Missing Completely at Random, MCAR, means there is no relationship between the missingness of the data and any values, observed or missing. Those missing data points are a random subset of the data. There is nothing systematic going on that makes some data more likely to be missing than others.

Missing at Random, MAR, means there is a systematic relationship between the propensity of missing values and the observed data, but not the missing data.

Whether an observation is missing has nothing to do with the missing values, but it does have to do with the values of an individual’s observed variables. So, for example, if men are more likely to tell you their weight than women, weight is MAR.

Missing Not at Random, MNAR, means there is a relationship between the propensity of a value to be missing and its values. This is a case where the people with the lowest education are missing on education or the sickest people are most likely to drop out of the study.

MNAR is called “non-ignorable” because the missing data mechanism itself has to be modeled as you deal with the missing data. You have to include some model for why the data are missing and what the likely values are.

“Missing Completely at Random” and “Missing at Random” are both considered ‘ignorable’ because we don’t have to include any information about the missing data itself when we deal with the missing data.

## Why you need to know the mechanism you have

Multiple imputation and Maximum Likelihood assume the data are at least missing at random. So the important distinction here is whether the data are MAR as opposed to MNAR.

Listwise deletion, however, requires the data are MCAR in order to not introduce bias in the results.

As long as the distribution and percentage of missing data is no so great that it negatively affects power, listwise deletion can be a good choice for MCAR missing data. So the important distinction here is whether the data are MCAR as opposed to MAR.

Keep in mind that in most data sets, more than one variable will have missing data, and they may not all have the same mechanism. It’s worthwhile diagnosing the mechanism for each variable with missing data before choosing an approach.

I use the term diagnosing rather than testing, because you’re not going to get a straight answer without knowing the values of the missing data. Of course, if you knew those, you wouldn’t be doing any of this.

It’s like checking for multicollinearity or testing assumptions. Each piece of information tells you something, but there is no definitive answer.

You have to get at the mechanism in a number of ways and then decide if making the assumption about the mechanism is reasonable.

## Diagnosing the Mechanism

1. MAR vs. MNAR

The only true way to distinguish between MNAR and MAR is to measure some of that missing data. It’s a common practice among professional surveyors to, for example, follow-up on a paper survey with phone calls to a group of the non-respondents and ask a few key survey items. This allows you to compare respondents to non-respondents.

If their responses on those key items differ by very much, that’s good evidence that the data are MNAR.

However in most missing data situations, we don’t have the luxury of getting a hold of the missing data. So while we can’t test it directly, we can examine patterns in the data get an idea of what’s the most likely mechanism.

The first thing in diagnosing randomness of the missing data is to use your substantive scientific knowledge of the data and your field. The more sensitive the issue, the less likely people are to tell you. They’re not going to tell you as much about their cocaine usage as they are about their phone usage.

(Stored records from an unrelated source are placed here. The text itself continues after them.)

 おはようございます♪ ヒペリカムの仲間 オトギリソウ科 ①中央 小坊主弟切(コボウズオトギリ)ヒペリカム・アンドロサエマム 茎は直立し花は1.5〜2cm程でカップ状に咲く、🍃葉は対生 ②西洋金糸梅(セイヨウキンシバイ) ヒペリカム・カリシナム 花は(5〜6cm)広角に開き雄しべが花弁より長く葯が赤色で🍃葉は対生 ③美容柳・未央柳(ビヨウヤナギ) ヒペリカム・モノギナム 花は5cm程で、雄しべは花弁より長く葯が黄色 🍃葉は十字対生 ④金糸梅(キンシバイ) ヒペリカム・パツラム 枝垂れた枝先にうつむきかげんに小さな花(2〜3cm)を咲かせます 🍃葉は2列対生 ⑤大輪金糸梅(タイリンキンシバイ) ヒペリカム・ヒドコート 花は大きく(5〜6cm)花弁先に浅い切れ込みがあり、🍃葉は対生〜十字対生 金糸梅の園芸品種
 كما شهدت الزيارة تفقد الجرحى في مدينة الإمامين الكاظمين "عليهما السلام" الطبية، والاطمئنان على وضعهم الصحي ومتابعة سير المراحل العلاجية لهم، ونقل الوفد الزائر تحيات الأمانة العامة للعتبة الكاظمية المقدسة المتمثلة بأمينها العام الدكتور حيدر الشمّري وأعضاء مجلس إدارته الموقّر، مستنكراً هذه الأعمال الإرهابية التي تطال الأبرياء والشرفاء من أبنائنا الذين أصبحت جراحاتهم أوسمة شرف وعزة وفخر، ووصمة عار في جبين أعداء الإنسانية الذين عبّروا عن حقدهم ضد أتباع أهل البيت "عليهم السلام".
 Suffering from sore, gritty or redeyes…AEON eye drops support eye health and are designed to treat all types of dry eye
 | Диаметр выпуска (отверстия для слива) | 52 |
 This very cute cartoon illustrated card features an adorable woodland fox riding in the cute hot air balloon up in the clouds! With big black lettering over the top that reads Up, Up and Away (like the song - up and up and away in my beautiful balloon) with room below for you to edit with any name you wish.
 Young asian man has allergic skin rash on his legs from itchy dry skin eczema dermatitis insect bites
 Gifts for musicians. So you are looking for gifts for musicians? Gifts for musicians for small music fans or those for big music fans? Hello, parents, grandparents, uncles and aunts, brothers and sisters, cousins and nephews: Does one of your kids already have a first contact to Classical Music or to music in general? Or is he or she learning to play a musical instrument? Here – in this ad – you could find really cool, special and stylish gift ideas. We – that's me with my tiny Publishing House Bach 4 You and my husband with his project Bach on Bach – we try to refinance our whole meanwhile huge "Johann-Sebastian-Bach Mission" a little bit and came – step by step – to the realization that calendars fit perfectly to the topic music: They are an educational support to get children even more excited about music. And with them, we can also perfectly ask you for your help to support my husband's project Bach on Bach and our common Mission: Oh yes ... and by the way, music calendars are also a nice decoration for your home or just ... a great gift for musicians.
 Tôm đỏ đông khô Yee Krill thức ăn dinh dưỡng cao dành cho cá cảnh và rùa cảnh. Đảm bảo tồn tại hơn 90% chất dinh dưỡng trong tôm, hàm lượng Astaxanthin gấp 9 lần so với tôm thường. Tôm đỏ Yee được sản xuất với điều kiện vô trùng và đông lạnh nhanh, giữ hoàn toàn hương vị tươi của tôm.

Likewise, many fields have common research situations in which non-ignorable data is common. Educate yourself in your field’s literature.

2. MCAR vs. MAR

There is a very useful test for MCAR, Little’s test. But like all tests of assumptions, it’s not definitive. So run it, but use it as only one piece of information.

A second technique is to create dummy variables for whether a variable is missing.

1 = missing
0 = observed

You can then run t-tests and chi-square tests between this variable and other variables in the data set to see if the missingness on this variable is related to the values of other variables.

For example, if women really are less likely to tell you their weight than men, a chi-square test will tell you that the percentage of missing data on the weight variable is higher for women than men.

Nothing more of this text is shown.